Ao abordar os cenários futuros, ela chamou atenção para as projeções demográficas brasileiras. Segundo os estudos apresentados, o país deverá interromper seu crescimento populacional nas próximas décadas, movimento que ocorre de forma ainda mais acelerada no Rio Grande do Sul. "A perspectiva é que a partir de 2027 nossa população já começa a cair. Então, o nosso último ano de crescimento populacional é esse ano", observou. Esse contexto, conforme Bruna, exige uma nova forma de pensar investimentos, infraestrutura, habitação e serviços públicos. "Precisamos planejar cidades entendendo que a população deixará de crescer. Isso muda completamente a forma como pensamos expansão urbana, desenvolvimento e qualidade de vida".
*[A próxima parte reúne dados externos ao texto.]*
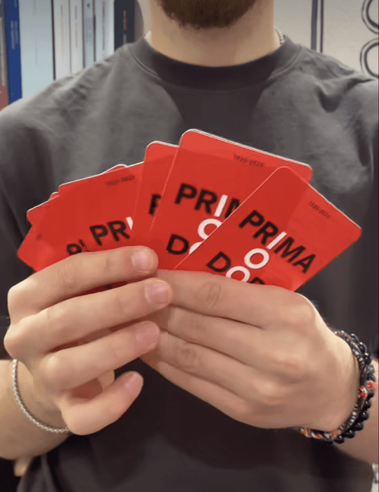 A party game for 2-6 players. A player read an event and the others have to guess the year it happened. If they do not, they get a "before" or "after" answer and they can try again, getting nearer and nearer until they guess. A celebration for the centenary of Istituto della Enciclopedia Treccani: an agile promotional edition will be followed by a richer commercial one and by an online version of the game.

Nesse sentido, outra mudança que as cidades enfrentarão será acarretada pela reforma tributária. Com a arrecadação passando a ser concentrada no local onde ocorre o consumo, e não mais na origem da produção, as cidades precisarão fortalecer sua capacidade de atrair moradores, visitantes e investimentos, tornando-se mais competitivas também pela qualidade dos espaços urbanos e das oportunidades oferecidas.
Apesar dos desafios, Bento Gonçalves aparece em um cenário bastante favorável. Dados apresentados durante a palestra apontam que o município mantém perspectivas superiores às médias estadual e nacional, impulsionado pela força da economia, pelo turismo e pela qualidade de vida. A projeção é de continuidade do crescimento populacional e de expansão da demanda por habitação e serviços – a previsão é de que até a metade da próxima década Bento supere os 150 mil habitantes.
Como demonstração da aplicação prática desses conceitos, a palestrante apresentou um estudo desenvolvido para um empreendimento em Bento Gonçalves, no qual análises de mobilidade, turismo, mercado imobiliário, infraestrutura, áreas verdes e comportamento da população serviram de base para definir as características do projeto. O case do Jardins Dona Isabel evidenciou como o uso de inteligência de dados pode orientar a criação de novas centralidades urbanas, melhorar a integração entre diferentes regiões da cidade e contribuir para um desenvolvimento alinhado às necessidades atuais e futuras do município. "Os dados não servem apenas para dizer onde construir. Eles ajudam a entender o que a cidade precisa, como ela funciona e de que forma um projeto pode transformar ativamente todo o seu entorno", disse Bruna.